Önce bir hususta anlaşalım: IŞİD, iplerini ABD’nin (ya da mesela Türkiye’nin) tuttuğu ve Geppetto ya da (çok daha doğru bir benzetmeyle) Frankenstein misali yoktan var ettiği bir kukla değil. IŞİD’in onun bunun pis işlerini gören bir “taşerondan” ibaret olduğu görüşü, onu yaratanın bu kuklanın ipini istediği zaman çekebileceği, IŞİD belasının da böylece “yukarıdan” def edilebileceği şeklinde bir yanılsamaya yol açarak içimizi rahatlatıyor muhtemelen. Oysa işimiz (maalesef) çok daha zor.

IŞİD’i nevi şahsına münhasır bir faşizm varyantı olarak düşünmenin onunla mücadele etmek açısından yararlı olabileceği hususunu daha önce ifade etmeye çalışmıştım. Gerçekten, faşizm nasıl “küçük burjuvazinin karşı devrimci umutsuzluğunu” harekete geçiren bir kitle hareketiyse IŞİD’i de bu anlamda, alttakilerin karşı devrimci seferberliği, kendi çıkarlarına karşı örgütlenmesi olarak tanımlamak mümkün. (Bu hususta http://fotibenlisoy.tumblr.com/post/92422527449/isid-fasizm-ve-devrim)

Ancak faşizm tanımlaması pekâlâ yanıltıcı da olabilir. Zira bizde faşist hareketin sermayenin elinde bir kukla, basit bir alet, bir piyon olduğu görüşü yaygındır. Patronların parayla tuttuğu katil sürüsü olarak faşist çeteler imgesi oldukça popülerdir. Oysa sermayeyle faşist hareket arasındaki ilişki böyle tek yönlü bir kullanma ilişkisinin ima ettiği basitlikte değildir. Yani faşizm, basitçe sermayenin “en gerici, en şoven, en saldırgan, en yayılmacı” fraksiyonunun elinde bir oyuncak olmaktan daha fazlasını ifade eder. Faşist akımların çoğu kendilerini kapitalizmle sosyalizm arasında bir üçüncü yol olarak tarif ederler, demagojik de olsa radikal bir dil kullanarak kendilerini bir biçimde “sistem dışı” ya da “devrimci” olarak tarif ederler. Faşizmin radikal bir kitle hareketi olarak sermayeden bu “görece” özerkliği, onun siyasal alana neticede sermaye lehine olacak müdahalesini daha radikal ve şiddetli kılar.

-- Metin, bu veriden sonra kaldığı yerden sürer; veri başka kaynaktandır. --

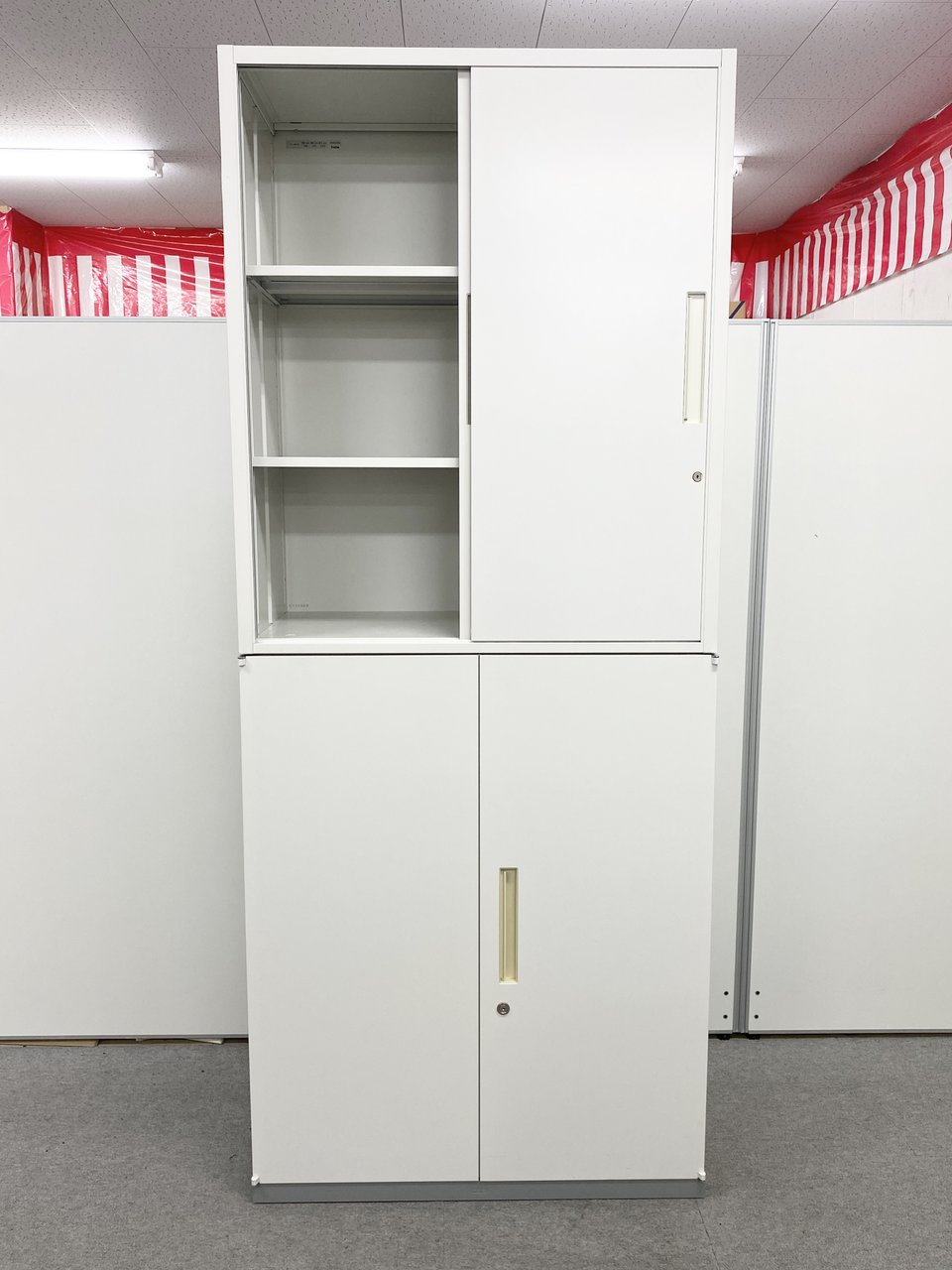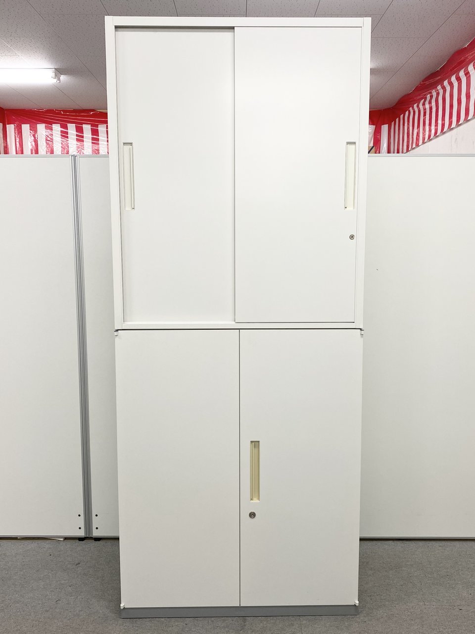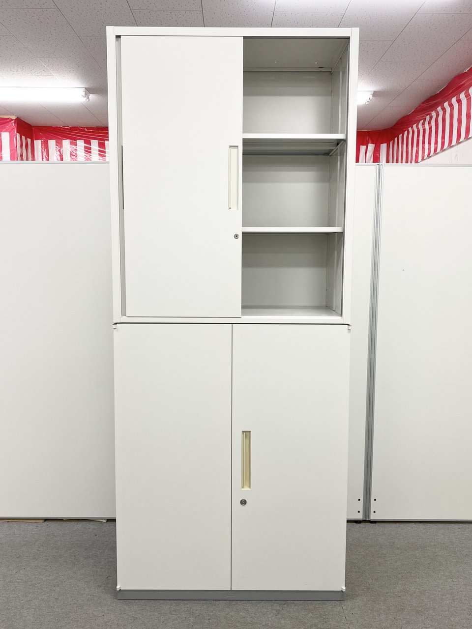【鍵付】両開きと引き違いの書庫セット!省スペースで多くの書類を収納可能です! イナバ/TFシリーズ/ホワイト- 足立・葛飾店

Uzatmayalım. IŞİD de faşist hareketler misali (moda deyimle) kendi (görece) bağımsız “ajandasına” sahip olan ve aynı zamanda (biz istesek de istemesek de) belli bir toplumsal tabanın öfke, umut ve tepkilerine hitap eden bir yapılanma. Basitçe kullanıp atılacak bir örgüt değil. Siyasal olduğu kadar sosyal bir gerçeklik. Dolayısıyla IŞİD’in arkasında hangi karanlık ve “derin” ilişkilerin bulunduğunu teşhir etmenin “tek başına” siyasal kıymeti az. İzah etmeye çalışayım: 1970’lerin sonuna gidip ABD’nin Afganistan’da hangi haltları karıştırarak küresel cihat hareketinin oluşumunu nasıl tetiklediğini elbette hatırlatmalıyız. ABD’nin Irak işgalinin nasıl bir insani yıkıma ve mezhep kavgasına yol açtığını unutmamalı, unutturmamalıyız. Körfez ülkelerinin ve (tersinden İran’ın) Suriye’deki mezhebi gerilimleri nasıl kışkırttığını elbette teşhir etmeliyiz. Daha da önemlisi, Türkiye’nin IŞİD’in (ve genel olarak Suriye’deki mezhepçi şiddetin) gelişimindeki rolünü en üst perdeden ortaya koymaya çalışmalıyız. Ancak tüm bunlar (tekrar edeyim), “tek başına” yeterli değil.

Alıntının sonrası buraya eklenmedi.